Кто-то рос на сказках о Кащее Бессмертном, а я рос на историях о Мравинском. Прозвище у него было Длинный. «Мравой» своего дракона могла звать заглазно разве что первая флейта, его законная, мол, смотрите: я как и все. И вдруг папа — называет его «Мравой», шелковисто.
Он записал свою святочную историю, когда уже давным-давно в глаза ему бил библейский пейзаж, слепящий, как солнце. Нет-нет, прожив жизнь оркестровым Акакием Акакиевичем, он не обольщался насчет пройденного им поприща. Знал цену и Мравинскому: глухой как тетерев, неспособный выстроить трезвучие у духовых, Мравинский доводил оркестровый «гусиный шаг» до абсолютной вызуженности, к восхищению западного наблюдателя. «Нет железного занавеса, есть только железная дисциплина», — зазывно вопил какой-нибудь газетный заголовок, о чем тут же с радостным придыханием докладывалось товарищу Фурцевой и в идеологический отдел ЦК.

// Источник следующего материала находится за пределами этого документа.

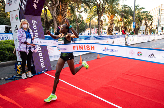 Uluslararası Maratonİzmir, 11 Nisan Pazar günü 42 ve 10 kilometre kategorilerinde pandemi tedbirleri kapsamında koşuldu. Tam zamanında başlayan, tüm derecelerin çiplerle takip edildiği yarışta sporcular için üst düzey pandemi önlemleri alındı, yol boyunca sağlık ekipleri görev yaptı, bisikletli doktor ve bisikletli su dağıtıcıları güzergah boyunca çalıştı. Dereceye girenlere ödülleri, temassız ortamda verildi, geri dönüşümlü malzemeden özel olarak imal edilen kupalar, yarışın “Sürdürülebilir bir dünya için koşuyoruz” temasına birebir uyum sağladı.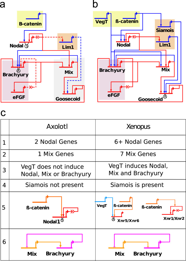 Fig. 1. A comparison of the axolotl and Xenopus mesendoderm GRNs. (a) The axolotl mesendodermGRN and (b) the simplified Xenopus mesendodermGRN. Arrow and bar heads represent, respectively, activation and repression. The âAâ indicates that an input is, in Boolean terms, an âANDâ gate. The âSâ indicates a synergy between the two transcription factors, i.e. β-catenin activates Nodal1 and this activation is enhanced by Nodal autoregulation. Otherwise, multiple inputs consisting of only one type (repression or activation) correspond to an âORâ gate. When both types are present, the repression and activation inputs are treated as two âORâ gates coupled by an âANDâ gate. Red lines show interactions which are the same in both networks and blue lines show those which differ. In (b) solid lines indicate experimentally verified links and dashed lines indicate links which are inferred from the Xenopus mesendoderm network, and which need to be verified experimentally. (c) Table summarising the main differences between the axolotl and Xenopus mesendoderm GRNs. Row 1: At least 6 Nodal genes are found in Xenopus, compared with 2 Nodal genes in axolotl. Row 2: There are seven Mix genes in Xenopus and one Mix gene in axolotl. Row 3: VegT acts to activate expression of Nodal, Mix and Brachyury in Xenopus, but in axolotl VegT does not activate these genes. Row 4: Siamois is a gene found in Xenopus but not axolotl. Row 5: In Xenopus, β-catenin acts in two different ways on Nodal: β-catenin enhances Nodal autoregulation of Xnr1 and Xnr2, and the expression of Xnr5 and Xnr6 is activated by β-catenin in the presence of VegT. In axolotl, Nodal1 can be activated by β-catenin alone and we also assume that it can enhance Nodal autoregulation. Row 6: Mix and Brachyury mutually repress each other in Xenopus, but, in axolotl, Mix is required for the expression of Brachyury. (For interpretation of the references to colour in this figure caption, the reader is referred to the web version of this paper.)

Вернусь же к этой святочной истории — в папином изложении: о том, как он вышел из пасти дракона улыбающимся. Папу объединяет с Гликманом то, что оба понимают под приличием: несоответствие письменной речи устной — того, что писалось, тому, что говорилось. Отсюда чинность, мрамор. Пусть и третьесортный, недорогой
А вот зачем Мравинскому было дергать за лапки маленького человека с последнего пульта — чтобы доставить себе удовольствие тем, что обманул ожидания остальных? «Пламя расступилось, и все увидели Лю невредимым и улыбающимся». На вопрос, естественный по тем временам, антисемит ли Мравинский, обыкновенно говорилось: «Нет, он ненавидит все нации одинаково». Вероятно, и себя в придачу — было за что. То-то под насмешки всезнающей Москвы он носился в Загорск к патриарху, чтобы по возвращении с новыми силами приступать к мучительству себя и других.